Aim of the exercise
Could you transcribe exactly the lines from the one containing "Special Offer SHEIN" through the end of the listing below, both included, but none of the pictures?

Given data
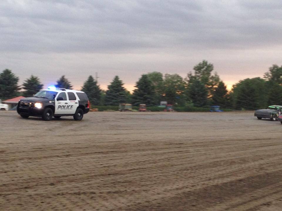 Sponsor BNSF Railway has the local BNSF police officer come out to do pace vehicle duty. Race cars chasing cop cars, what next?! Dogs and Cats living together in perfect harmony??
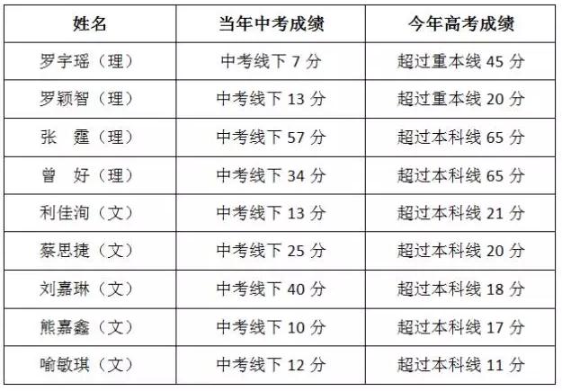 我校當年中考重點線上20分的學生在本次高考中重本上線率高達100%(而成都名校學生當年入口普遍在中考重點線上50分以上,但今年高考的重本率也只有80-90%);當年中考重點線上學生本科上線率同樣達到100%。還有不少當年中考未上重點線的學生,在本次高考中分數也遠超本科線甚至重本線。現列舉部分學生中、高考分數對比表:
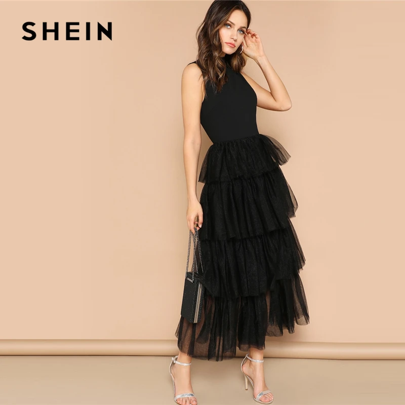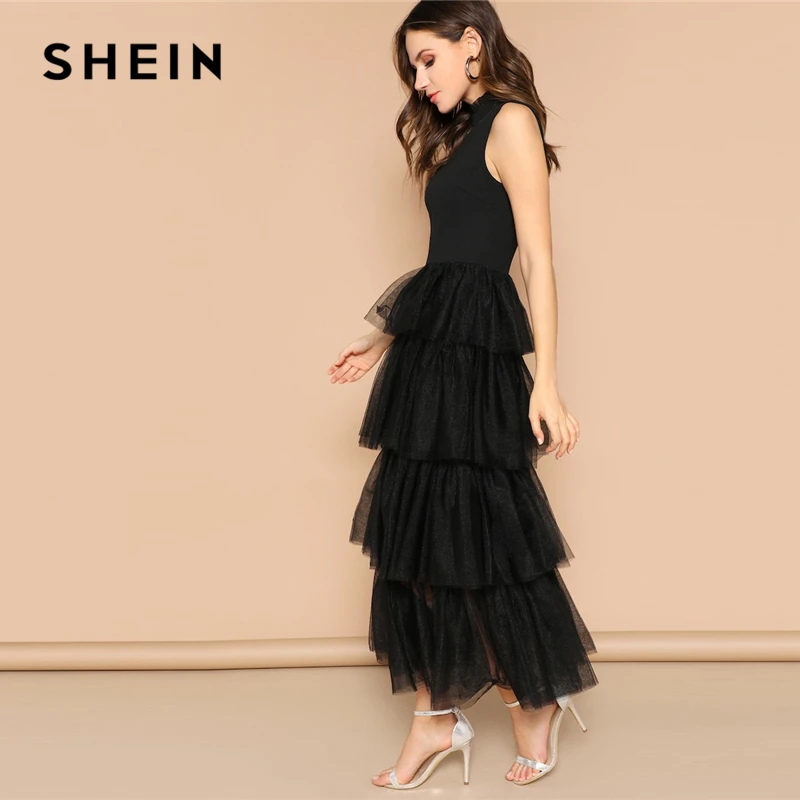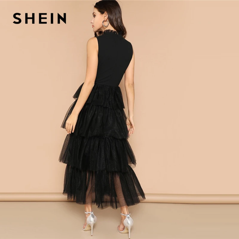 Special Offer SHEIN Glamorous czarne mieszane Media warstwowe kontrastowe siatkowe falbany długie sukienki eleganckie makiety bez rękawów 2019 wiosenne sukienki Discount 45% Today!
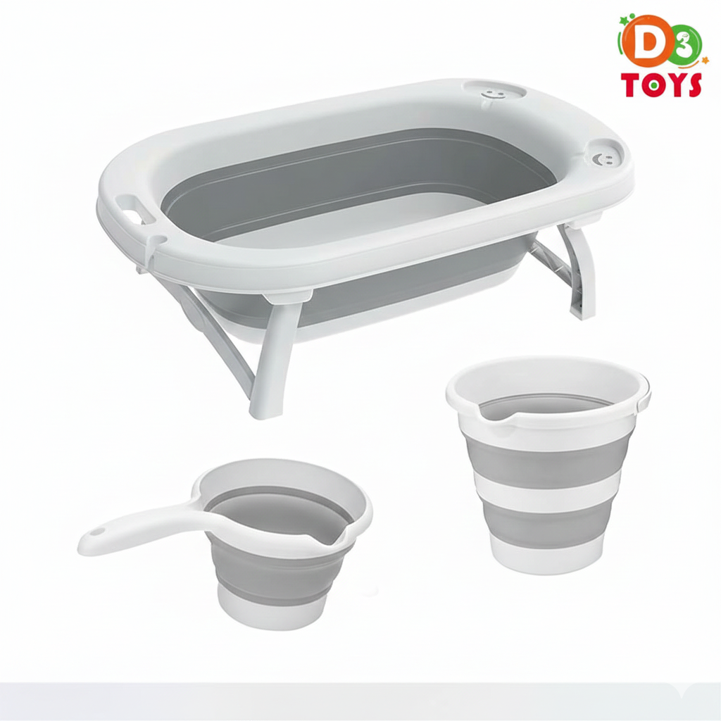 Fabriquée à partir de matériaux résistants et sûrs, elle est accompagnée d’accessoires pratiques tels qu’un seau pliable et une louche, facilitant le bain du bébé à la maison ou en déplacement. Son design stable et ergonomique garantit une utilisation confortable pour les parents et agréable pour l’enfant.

Output
 Special Offer SHEIN Glamorous czarne mieszane Media warstwowe kontrastowe siatkowe falbany długie sukienki eleganckie makiety bez rękawów 2019 wiosenne sukienki Discount 45% Today!
 Fabriquée à partir de matériaux résistants et sûrs, elle est accompagnée d’accessoires pratiques tels qu’un seau pliable et une louche, facilitant le bain du bébé à la maison ou en déplacement. Son design stable et ergonomique garantit une utilisation confortable pour les parents et agréable pour l’enfant.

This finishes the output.